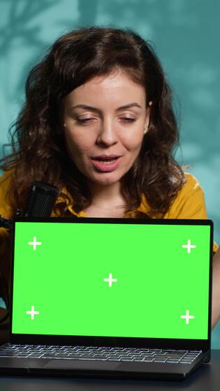 Vertical Influencer in home studio using recording tech to capture live broadcast, reviewing chroma key laptop. Online show host filming electronics haul, presenting green screen notebook for viewers, camera A Pro Video
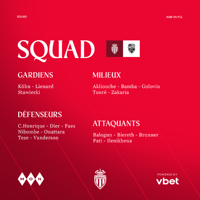 Ce vendredi, l’AS Monaco reçoit le FC Lorient (19h). Sébastien Pocognoli peut s’appuyer sur les retours d’Ansu Fati et Vanderson, blessés de longue date. Malade pour Orléans, Maghnes Akliouche est rétabli. C’est aussi le cas d’Aladji Bamba, touché par un virus comme Lucas Michal, qui lui n’est pas remis.
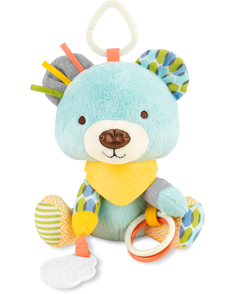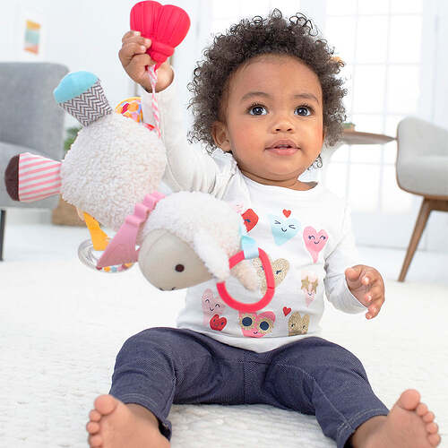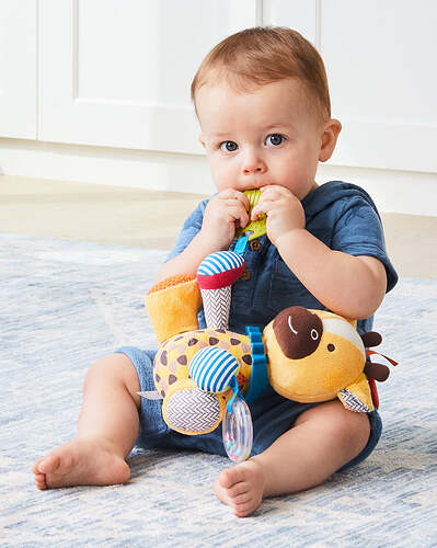 A soft toy and teether toy filled with textures, patterns and sounds! Little hands stay active as baby explores rattles, crinkles and more. This colorful character’s soft bandana teether toy detaches for mom to wear around her wrist for quick access. Perfect for multi-sensory play, this cute companion is ideal for fun at home or-on-the-go.
□ □ □
- ACTIVITY -
Reprint the data verbatim, pictures excluded.

- SOLUTION FOR THIS TASK -
 Vertical Influencer in home studio using recording tech to capture live broadcast, reviewing chroma key laptop. Online show host filming electronics haul, presenting green screen notebook for viewers, camera A Pro Video
 Ce vendredi, l’AS Monaco reçoit le FC Lorient (19h). Sébastien Pocognoli peut s’appuyer sur les retours d’Ansu Fati et Vanderson, blessés de longue date. Malade pour Orléans, Maghnes Akliouche est rétabli. C’est aussi le cas d’Aladji Bamba, touché par un virus comme Lucas Michal, qui lui n’est pas remis.
 A soft toy and teether toy filled with textures, patterns and sounds! Little hands stay active as baby explores rattles, crinkles and more. This colorful character’s soft bandana teether toy detaches for mom to wear around her wrist for quick access. Perfect for multi-sensory play, this cute companion is ideal for fun at home or-on-the-go.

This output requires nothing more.